The administration of Judaea as a province of Rome from 6 to 135 was carried out primarily by a series of Roman prefects, procurators, and legates pro praetore. The first of these administrators coincided or were intertwined with the ostensible rule by the Herodian tetrarchy.

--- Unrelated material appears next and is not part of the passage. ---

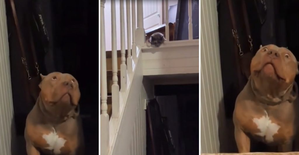 Na TikTok stranici Burleson Bullies objavljena je urnebesna snimka plašljivog pitbulla po imenu Prince, koji se skriva na dnu stepenica zbog mačke koja se nalazi na vrhu. Video je zabilježio njegov preplašeni pogled dok mu vlasnica govori: “U redu je, to je samo mačka.”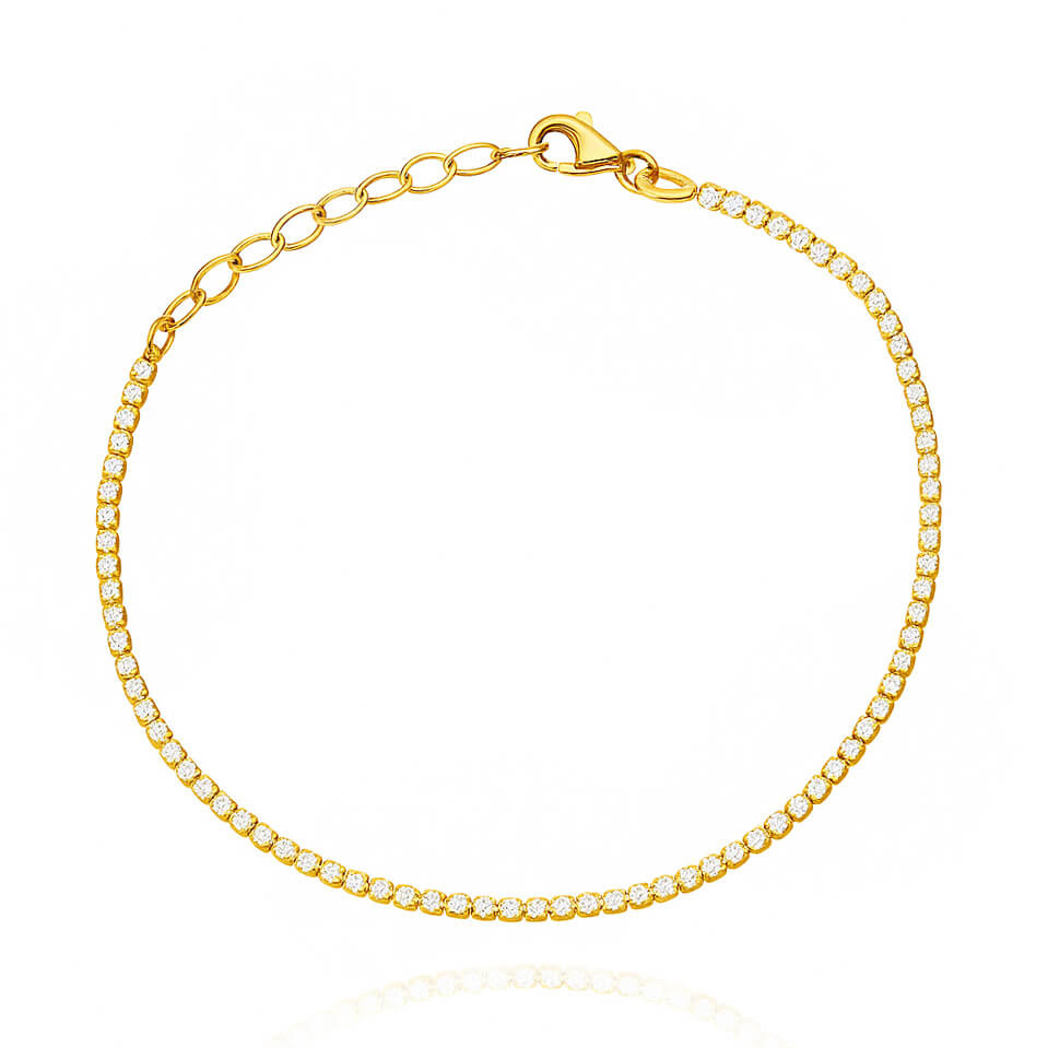 • Subtelna bransoletka wykonana z wysokiej próby złota 585 (14-karatowego), zdobiona rzędem błyszczących białych cyrkonii.

The Roman administrators were as follows:

| Name | Dates of administration | Number of years | Title |
|---|---|---|---|
| Coponius | 6–9 | 3 | Praefectus |
| Marcus Ambivulus | 9–12 | 3 | Praefectus |
| Annius Rufus | 12–15 | 3 | Praefectus |
| Valerius Gratus | 15–26 | 11 | Praefectus |
| Pontius Pilatus | 26–36 | 10 | Praefectus |
| Marcellus | 36–37 | 1 | Praefectus |
| Marullus | 37–41 | 4 | Praefectus |
| Vacant | 41–44 | 3 | Monarchy restored |
| Cuspius Fadus | 44–46 | 2 | Procurator |
| Tiberius Julius Alexander | 46–48 | 2 | Procurator |
| Ventidius Cumanus | 48–52 | 4 | Procurator |
| Marcus Antonius Felix | 52–60 | 8 | Procurator |
| Porcius Festus | 60–62 | 2 | Procurator |
| Lucceius Albinus | 62–64 | 2 | Procurator |
| Gessius Florus | 64–66 | 2 | Procurator |
| Marcus Antonius Julianus | c. 66–c. 70 | 4 | Procurator |
| Sextus Vettulenus Cerialis | 70–71 | 1 | Legatus |
| Sextus Lucilius Bassus | 71–72 | 1 | Legatus |
| Lucius Flavius Silva Nonius Bassus | 72–81 | 9 | Legatus |
| Marcus Salvidienus | 80–85 | 5 | Legatus |
| Gnaeus Pinarius Aemilius Cicatricula Pompeius Longinus | 85–89 | 1 | Legatus |
| Sextus Hermentidius Campanus | 93–97 | 1 | Legatus |
| Gaius Julius Quadratus Bassus | 102–104 | 2 | Legatus |
| Quintus Pompeius Falco | 105–107 | 2 | Legatus |
| Tiberianus | 114–117 | 3 | Legatus |
| Lusius Quietus | 117–118 | 1 | Legatus |
| Lucius Cossonius Gallus | c. 120 | ? | Legatus |
| Quintus Coredius Gallus Gargilius Antiquus | c. 124–125 or 122–125 | 1 (3) | Legatus |
| Quintus Tineius Rufus | c. 130–c. 132 | 2 | Legatus |
| Sextus Julius Severus | 133–136(137?) | 3 (4) | Legatus |

"Hadrian stationed an extra legion in Judaea, renaming it Syria Palaestina." This was following the defeat of the Bar Kokhba Revolt in 135. The Syria-based legion, Legio III Gallica, took part in the quelling of the revolt from 132 to 136, and in the aftermath, the emperor Hadrian renamed the province of Judea and its extra legion Syria Palaestina. The province of Syria Palaestina was divided into Palaestina Prima and Palaestina Salutaris in about 357, and by 409 Palaestina Prima had been further split into a smaller Palaestina Prima and Palaestina Secunda, while Salutaris was named Tertia or Salutaris. Palæstina Prima or Palaestina I existed from the late 4th century until it was temporarily lost to the Sassanid Empire (Persian Empire) in 614, but re-conquered in 628 and finally until the Muslim conquest of the Levant in the 630s.

==See also==
- Kings of Israel
- Kings of Judah
- Herodian Dynasty
- List of High Priests of Israel
- Syria Palaestina
- Promagistrate

==Sources==
- Adkins, Lesley (1998). "Handbook to Life in Ancient Rome"
- Lewis, Bernard (2011). "Islam in History: Ideas, People, and Events in the Middle East"
- Shahin, Mariam (2005). "Palestine: A Guide"
- "Palestine - Roman Palestine"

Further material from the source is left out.